From the Inside Flap

The cops of Hollywood Station don't police your typical cop beat. Midgets-for-hire, meth tweakers, steroid-pumped monsters, costumed crackheads, drag queens and trannies populate the boulevards and back streets of Los Angeles' most surreal precinct. Even dead hobos writing cheques from beyond the grave and an intimate assault with a Barbie doll are all in a day's (or night's) work. The cops themselves aren't exactly typical either.

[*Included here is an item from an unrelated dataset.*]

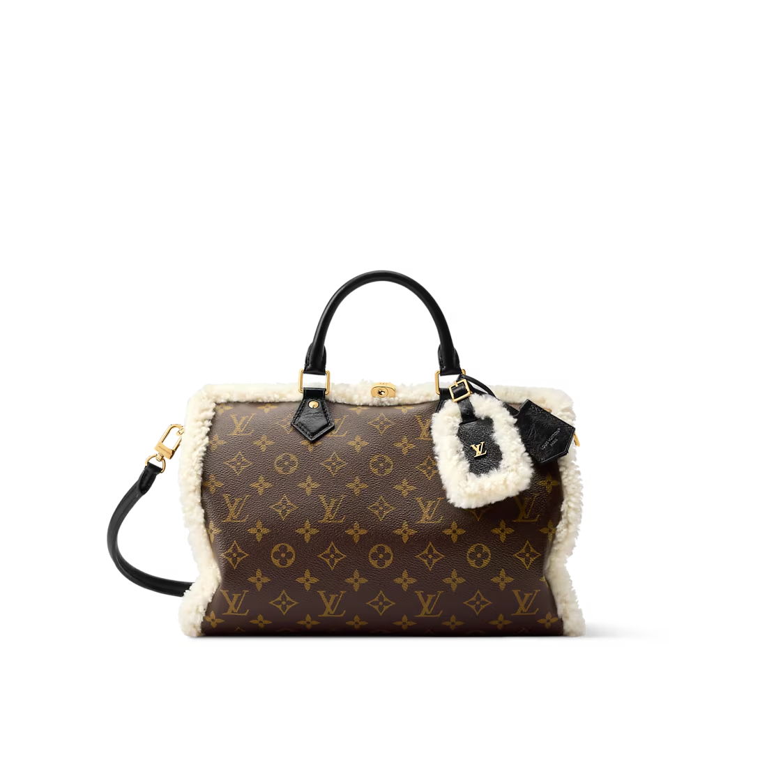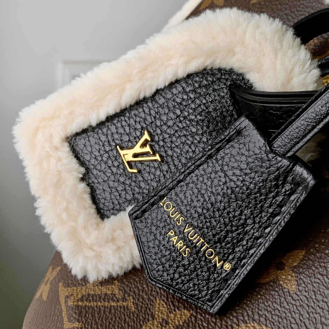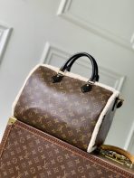 This is a replica LOUIS VUITTON M26326 Speedy Soft 30 Teddy,. ,30 x 21 x 17 cm ,Monogram shearling,Coated canvas and shearling,Leather trim,Leather lining,Aged gold-colour hardware,Double zip closure,1 inside zipped pocket,1 name tag,Fits 6.7-inch smartphone, earphones, Zippy long wallet, keys, lipstick,Strap: Removable, non-adjustable,Strap Drop: 24.0 cm,Handle: Single x2

There's Hollywood Nate, who still dreams of movie stardom but is worried that he's too good-looking to be a character actor; Dana Vaughn, a tough no-nonsense cop who can't stand the fact that her fellow officer Leon Callaway has turned from chauvinist pig to guardian angel since she saved his life; and Aaron Sloane, who has fallen head over heels in love with his beautiful, more experienced partner Sheila Montez, but is too terrified of her to do anything about it. But there's a darker side to Hollywood's weirdness. All that glitz and glamour provide the perfect cover for the city's underworld, and in a place where anything goes, even small-time crime can easily get out of control. Fraudster Dewey Gleason and his chain-smoking, wisecracking wife Eunice - the real mastermind of the pair - have a nice line in mail-box theft and stealing credit cards. But when they hatch an audacious kidnap plan without knowing that their hired help lives a double life as a serial sex attacker, things start to get very dangerous indeed.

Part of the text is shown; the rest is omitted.